Germany stores 1,236 tonnes of gold in the United States, worth more than €100 billion, sparking renewed debate over whether the reserves should be returned home. The discussion has gained momentum amid tensions over the Trump administration’s trade policies and foreign policy moves, which some European politicians view as unpredictable.
Marie-Agnes Strack-Zimmermann, chair of the Defence Committee in the EU Parliament, argued that it is no longer justifiable to keep such a large portion of Germany’s wealth abroad. “It is worth its weight in gold, literally,” she said, calling for the reserves to be repatriated. Public opinion in Germany appears supportive of the move, and similar debates are taking place in Italy, which has the world’s third-largest gold reserves.
Germany’s total gold holdings amount to about 3,350 tonnes, with roughly 36.6 percent kept in the United States. This arrangement dates back to the Bretton Woods system established after World War II, when exchange rates were tied to the US dollar, which in turn was pegged to gold. “Germany had large export surpluses with the US, so we accumulated a lot of dollars. To keep exchange rates stable, we exchanged those dollars for gold. That’s how these reserves were built up,” said Dr. Michael Demary, senior economist at the German Economic Institute.
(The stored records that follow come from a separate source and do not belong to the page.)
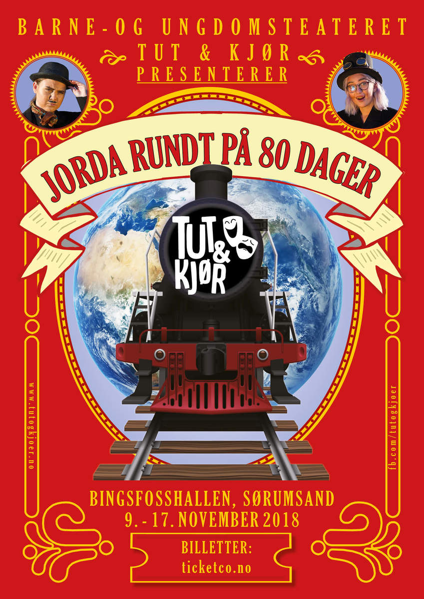 BLI MED JORDA RUNDT! Også denne høsten forvandler Barne- og ungdomsteateret Tut&Kjør Bingsfosshallen til Sørumsand sitt lokalteater og i år viser vi en eviggrønn og gøyal klassiker: JORDA RUNDT...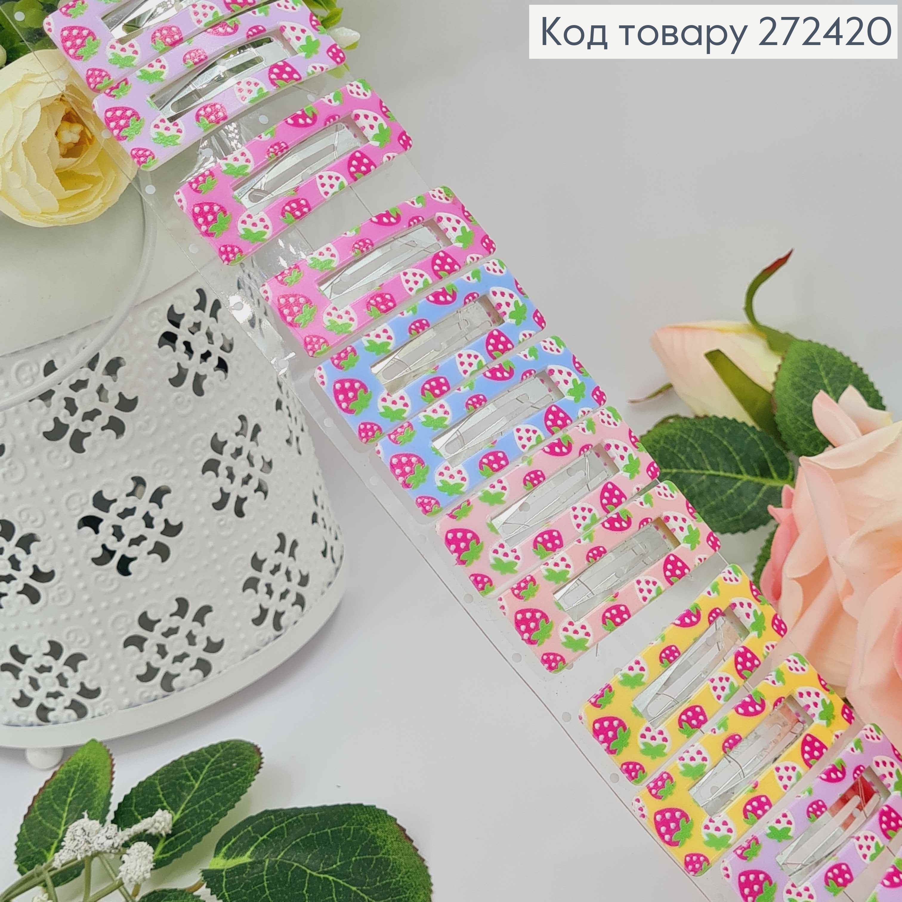 Набор детских заколок тик-так, Прямоугольные, С Веселыми клубничками, 5,5см, 20шт/уп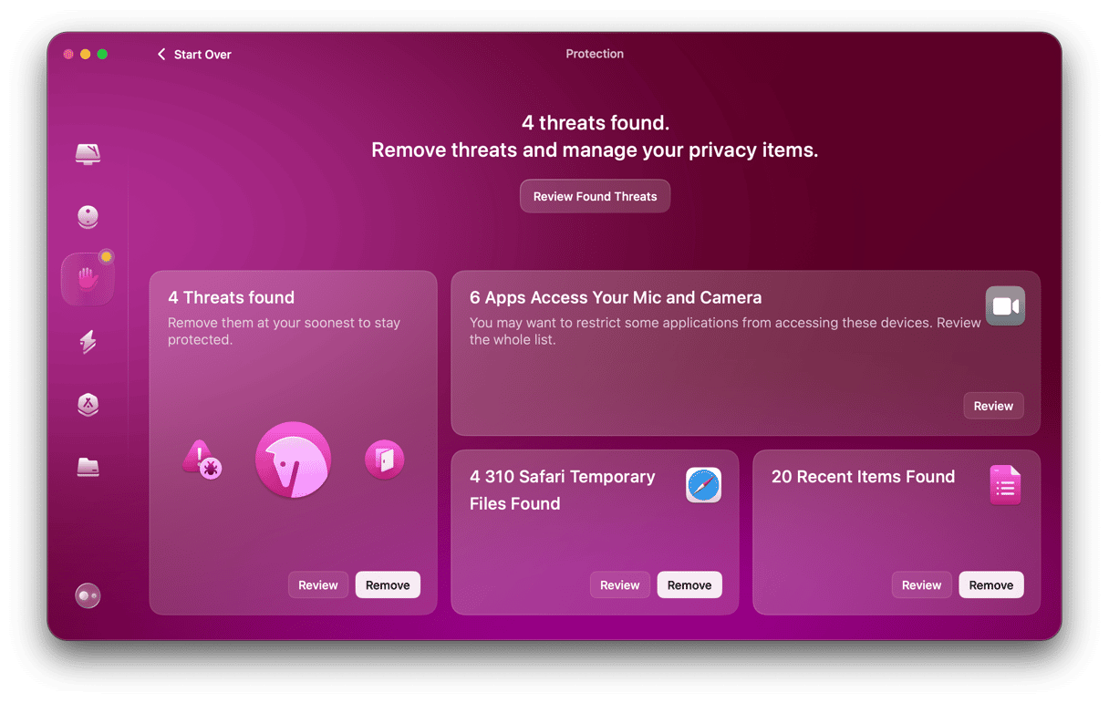 CleanMymacの保護は、システムの詳細なスキャンを実行し、最新かつ最も洗練された脅威を探しています。 CleanMymacは、高度なサイバーセキュリティテクノロジーを利用して、マルウェアを見つけて削除する前に削除します。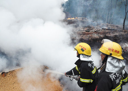 接到火警后,辰溪县消防大队紧急出动1台消防车、7名消防官兵,并调集红敏化工厂专职消防队赶赴现场救援。 均为柴均林 摄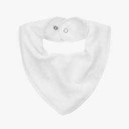 An ivory bib for baby boys and girls by Pippi, made from a soft organic cotton jersey blend. This practical layer has a gathered neckline for a bandana-style effect and fastens easily on the back with adjustable poppers.

Storing gold in the US also made sense during the Cold War, as it offered security against potential conflict with the Soviet Union. Some gold has already been repatriated in recent years. Between 2013 and 2017, the Bundesbank brought back 300 tonnes from New York, 380 tonnes from Paris, and 900 tonnes from London, as part of a plan to hold half of Germany’s gold reserves domestically by 2020.
Despite Strack-Zimmermann’s call, economists warn that moving the gold could carry serious risks. Transporting such a large quantity would require heavily guarded armoured vehicles and ships, and threats could range from theft to accidents at sea. The Bundesbank has historically conducted frequent inspections of its US reserves to ensure security, and keeping the gold abroad also allows Germany to access dollars in case of a domestic banking crisis.
Demary suggested that the push to repatriate the gold may be politically motivated. “Perhaps it was a response to tariff threats, a symbolic move saying, ‘We’re bringing our gold back now,’” he said. He also emphasized that the gold is currently safe in New York. Even in a worst-case scenario where the US refused to release it, Germany could pursue legal avenues to reclaim its holdings or receive compensation in dollars.
Economists conclude that while the idea of bringing the gold home appeals to some politicians and citizens, the practical benefits of leaving it in the US outweigh the risks. The gold remains secure, and repatriation could prove both costly and logistically challenging.